:: Raw data
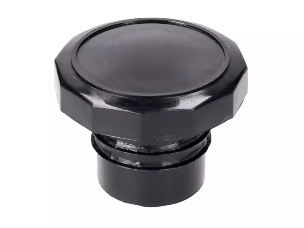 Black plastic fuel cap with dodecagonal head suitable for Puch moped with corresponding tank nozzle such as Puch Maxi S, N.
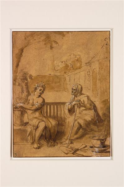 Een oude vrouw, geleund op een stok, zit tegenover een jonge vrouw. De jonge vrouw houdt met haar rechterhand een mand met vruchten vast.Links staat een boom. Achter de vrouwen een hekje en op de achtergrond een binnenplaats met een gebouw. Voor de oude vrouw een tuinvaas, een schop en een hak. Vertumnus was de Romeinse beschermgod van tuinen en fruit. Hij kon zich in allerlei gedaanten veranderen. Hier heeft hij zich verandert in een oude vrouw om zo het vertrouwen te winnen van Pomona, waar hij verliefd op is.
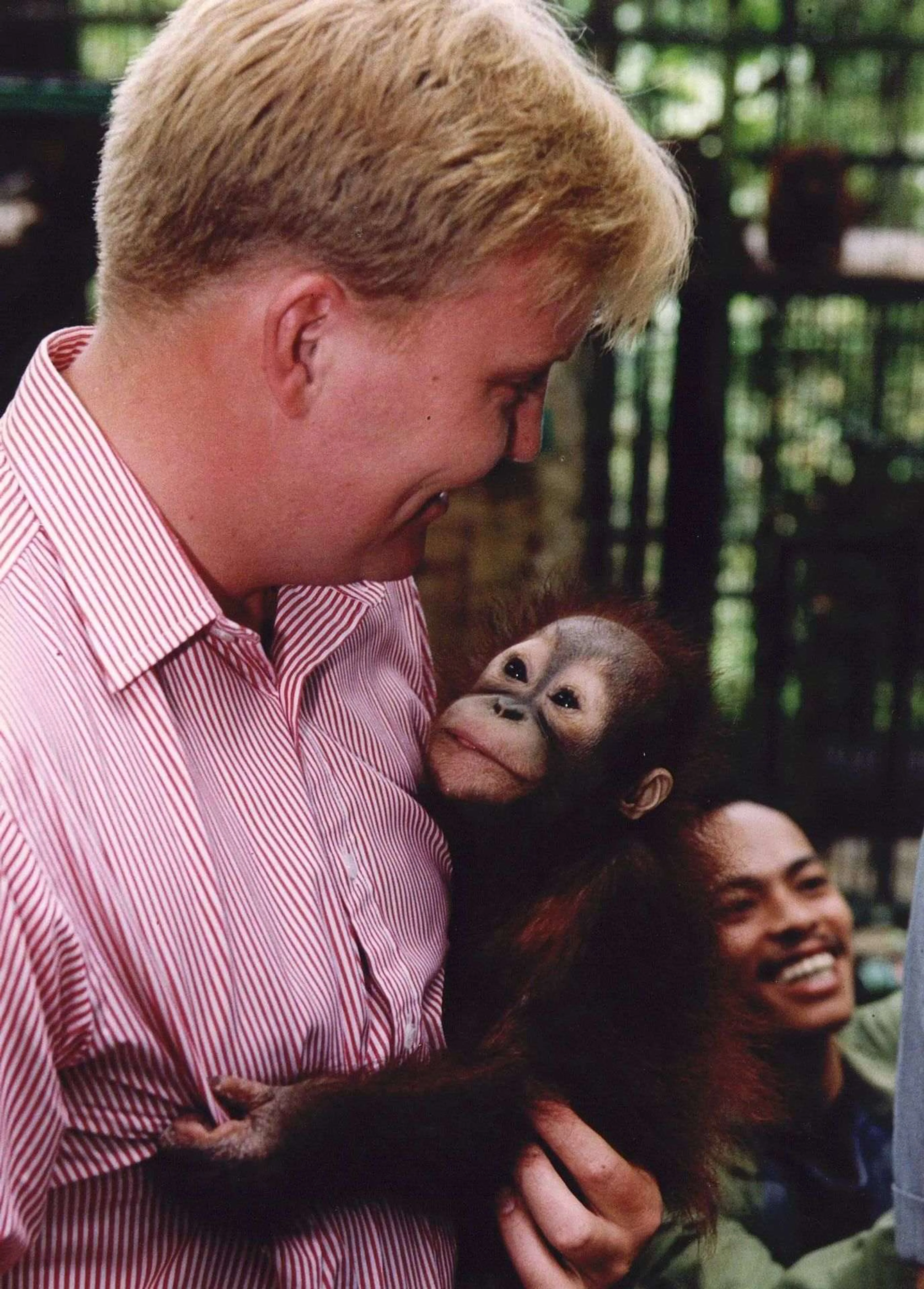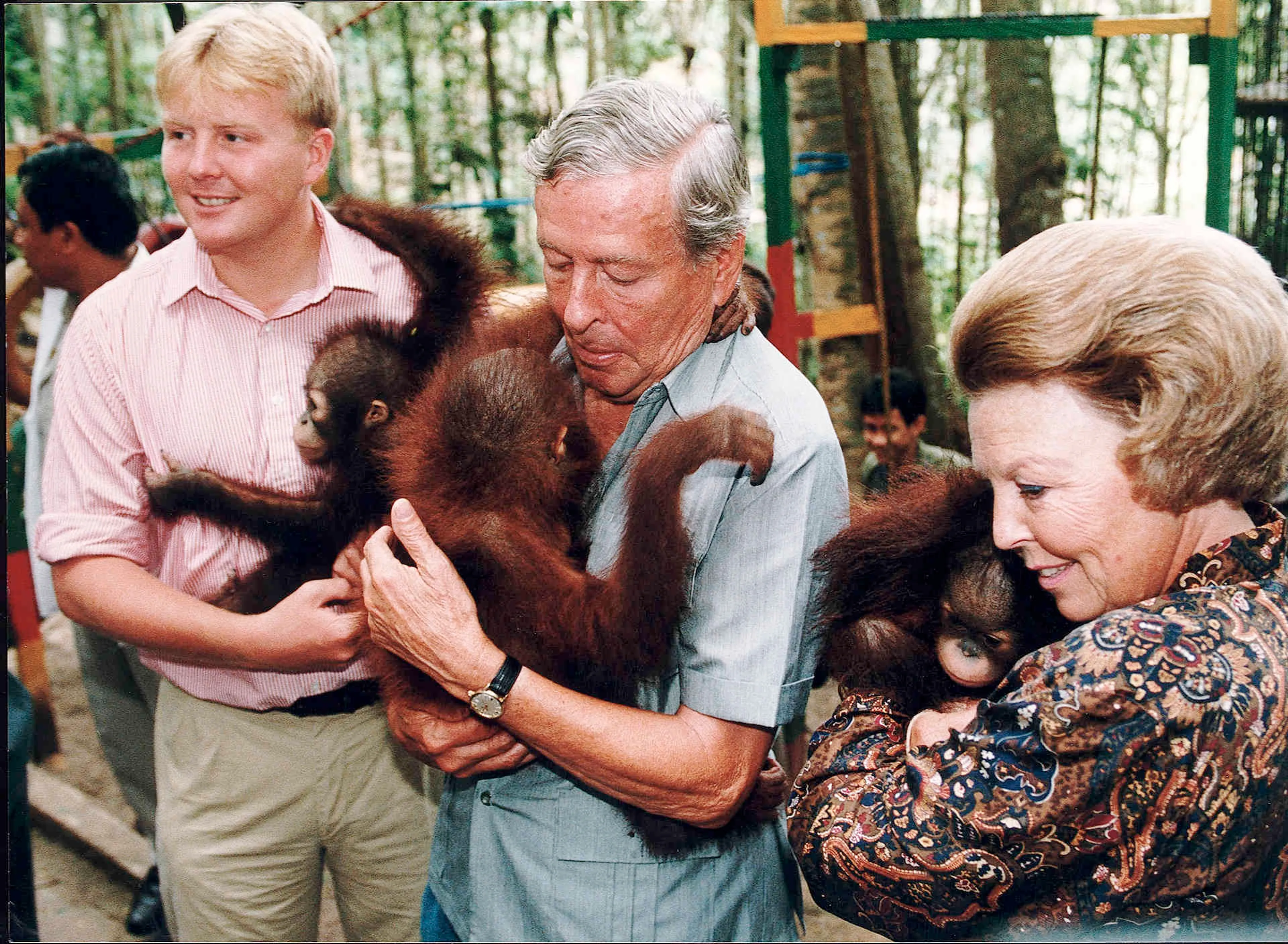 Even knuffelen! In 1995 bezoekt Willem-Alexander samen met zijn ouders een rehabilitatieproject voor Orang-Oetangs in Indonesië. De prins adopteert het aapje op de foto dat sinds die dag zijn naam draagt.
::::
▶ Problem to work on: "Een oude vrouw, geleund" marks the first line to be returned; return exactly that line and every line after it through the last line of the listing, omitting pictures.

▶ Solution:
 Een oude vrouw, geleund op een stok, zit tegenover een jonge vrouw. De jonge vrouw houdt met haar rechterhand een mand met vruchten vast.Links staat een boom. Achter de vrouwen een hekje en op de achtergrond een binnenplaats met een gebouw. Voor de oude vrouw een tuinvaas, een schop en een hak. Vertumnus was de Romeinse beschermgod van tuinen en fruit. Hij kon zich in allerlei gedaanten veranderen. Hier heeft hij zich verandert in een oude vrouw om zo het vertrouwen te winnen van Pomona, waar hij verliefd op is.
 Even knuffelen! In 1995 bezoekt Willem-Alexander samen met zijn ouders een rehabilitatieproject voor Orang-Oetangs in Indonesië. De prins adopteert het aapje op de foto dat sinds die dag zijn naam draagt.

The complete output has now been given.